The ovalbumin gene has seven interrupted sequences (introns) and eight coding sequences (exons). The beta globin gene has been reported to have two intervening sequences, one 550 nucleotides long and the other 125 nucleotides long.

The intervening sequences are excised during processing to form mature mRNA molecule. Thus, about half of the ovalbumin gene is discarded during processing. Earlier it was believed that there is co-linearity (correspondence) between the nucleotide sequence and the sequence of amino acids which it specifies.

The discovery of split genes has disproved the concept of co-linearity of genes. Now co-linearity between genes and their products is considered as a chance rather than a rule. Split genes have been reported mostly in eukaryotes.

2. Jumping Genes:

Generally, a gene occupies a specific position on the chromosome called locus. However, in some cases a gene keeps on changing its position within the chromosome and also between the chromosomes of the same genome. Such genes are known as jumping genes or transposons or transposable elements.

The first case of jumping gene was reported by Barbara McClintock in maize as early as in 1950. However, her work did not get recognition for a long time like that of Mendel. Because she was much ahead of time and this was an unusual finding, people did not appreciate it for a long time. This concept was recognized in early seventies and McClintock was awarded Nobel prize for this work in 1983.

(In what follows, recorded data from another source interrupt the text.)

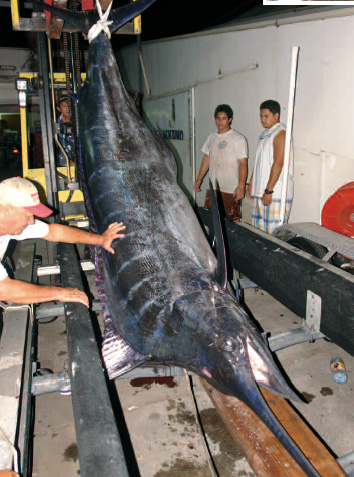 La famille Wong,  pêcheurs de Farepiti (Papeete), a rapporté un marlin (espadon) de 362 kilos. Il leur fallut le découper pour pouvoir le peser. (Ph. TPM)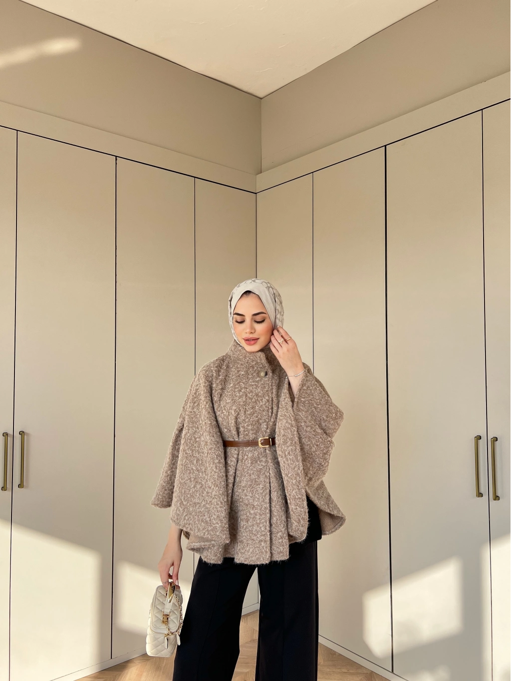 Quva Kol Detayı Kürk Takım - Kahve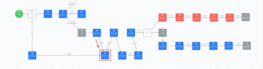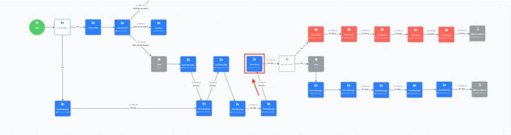 Pour cet exemple, nous nous concentrerons sur la partie de la séquence où les prospects sont déjà en contact avec nous ou ont accepté notre invitation.

Later on transposable elements were reported in the chromosome of E. coli and other prokaryotes. In E. coli, some DNA segments were found moving from one location to other location. Such DNA segments are detected by their presence at such a position in the nucleotide sequence, where they were not present earlier. The transposable elements are of two types, viz., insertion sequence and transposons.

i. Insertion Sequence:

There are different types of insertion sequences each with specific properties. Such sequences do not specify for protein and are of very short length. Such sequences have been reported in some bacteria, bacteriophages and plasmids.

ii. Transposons:

These are coding sequences which code for one or more proteins. They are usually very long sequences of nucleotides including several thousand base pairs. Transposable elements are considered to be associated with chromosomal changes such as inversion and deletion.

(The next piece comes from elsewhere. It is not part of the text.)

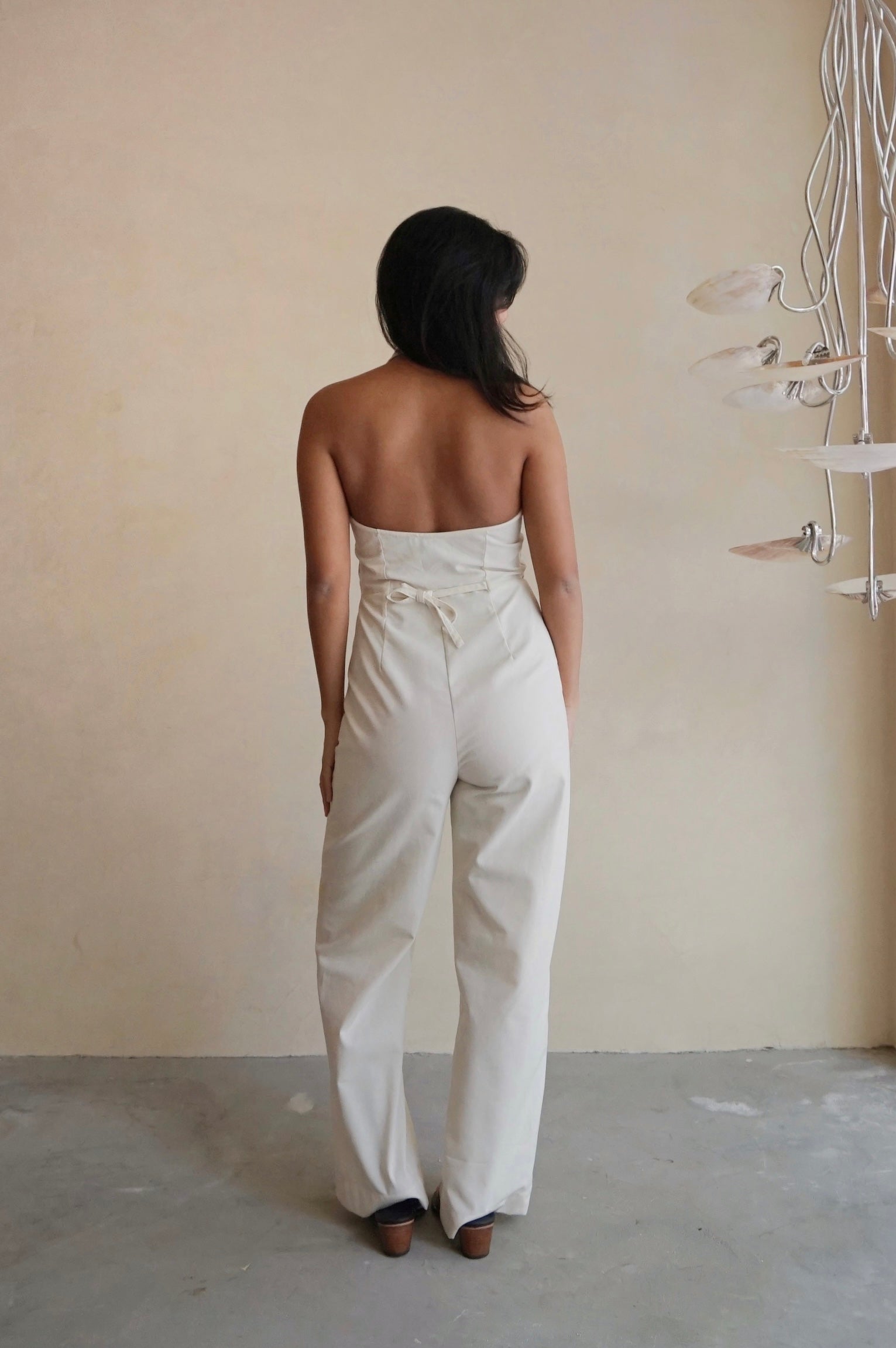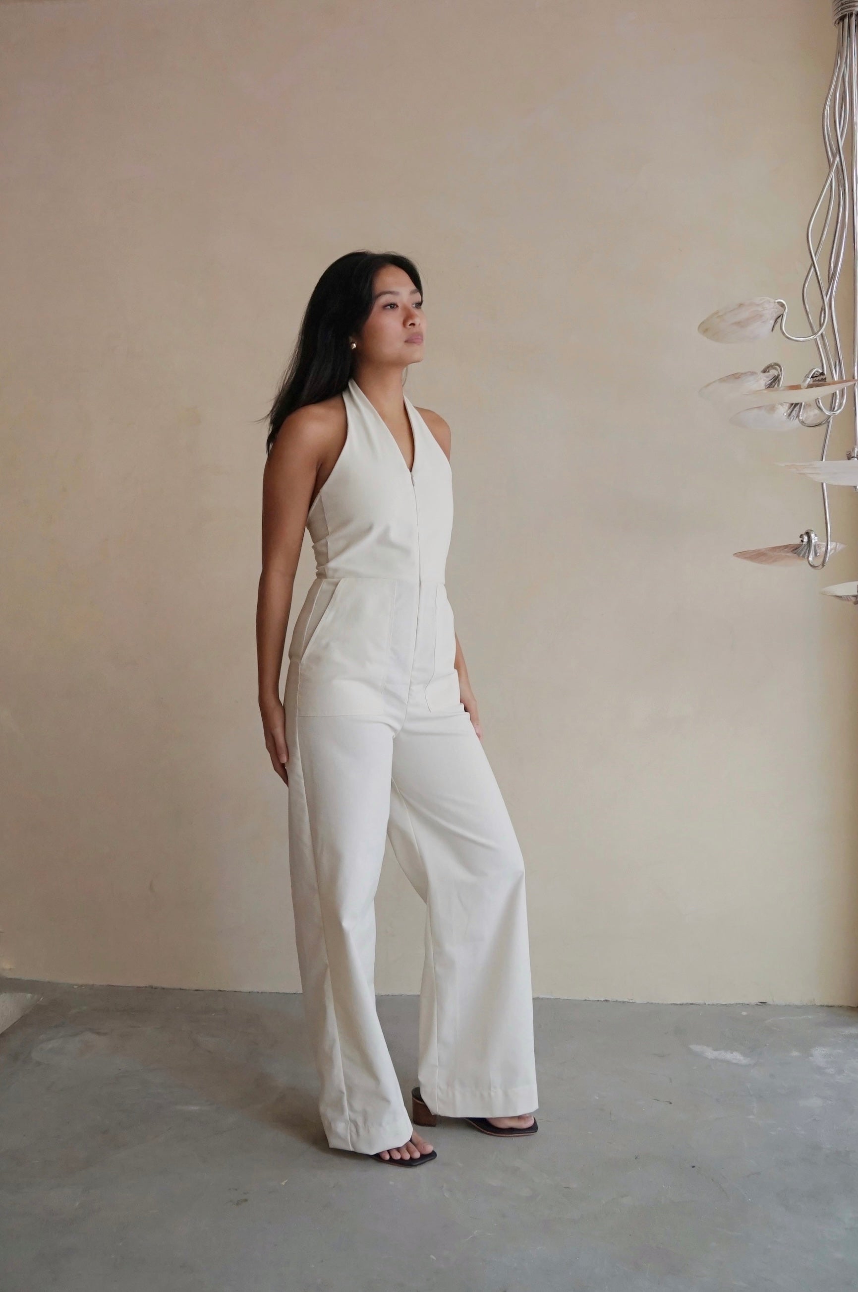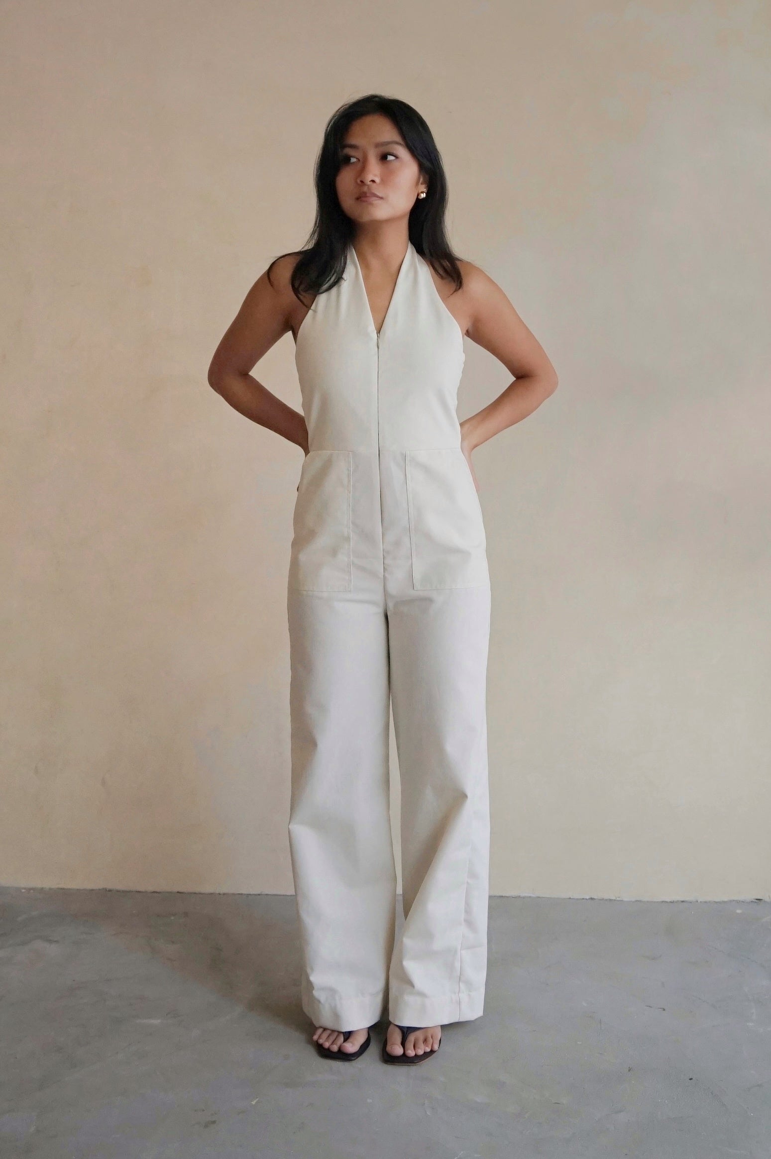 Our most flattering wide leg halter neck jumpsuit. Features full zip front opening, front patch pockets and a cinch at back. Made from Cotton Linen.

They are hot spots for such changes and are useful tools for the study of mutagenesis. In eukaryotes, moving DNA segments have been reported in maize, yeast and Drosophila.

3. Overlapping Genes:

Earlier it was believed that a nucleotide sequence codes only for one protein. Recent investigations with prokaryotes especially viruses have proved beyond doubt that some nucleotide sequences (genes) can code for two or even more proteins.

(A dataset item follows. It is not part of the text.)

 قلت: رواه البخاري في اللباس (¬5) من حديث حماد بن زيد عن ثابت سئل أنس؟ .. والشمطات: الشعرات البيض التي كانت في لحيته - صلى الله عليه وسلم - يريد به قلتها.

The genes which code for more than one protein are known as overlapping genes. In case of overlapping genes, the complete nucleotide sequence codes for one protein and a part of such nucleotide sequence can code for another protein.

Overlapping genes are found in tumor producing viruses such as ɸ X 174, SV 40 and G4. In virus ɸX 174 gene A overlaps gene B. In virus SV 40, the same nucleotide sequence codes for the protein VP 3 and also for the carboxyl-terminal end of the protein VP2. In virus G4, the gene A overlaps gene B and gene E overlaps gene D.

The gene of this virus also contains some portions of nucleotide sequences which are common for gene A and gene C.

4. Pseudogenes:

There are some DNA sequences, especially in eukaryotes, which are non-functional or defective copies of normal genes. These sequences do not have any function. Such DNA sequences or genes are known as pseudogenes. Pseudogenes have been reported in humans, mouse and Drosophila.

The main features of pseudogenes are given below:

1. Pseudogenes are non-functional or defective copies of some normal genes. These genes are found in large numbers.

2. These genes being defective cannot be translated.

3. These genes do not code for protein synthesis, means they do not have any significance.

4. The well-known examples of pseudogenes are alpha and beta globin pseudogenes of mouse.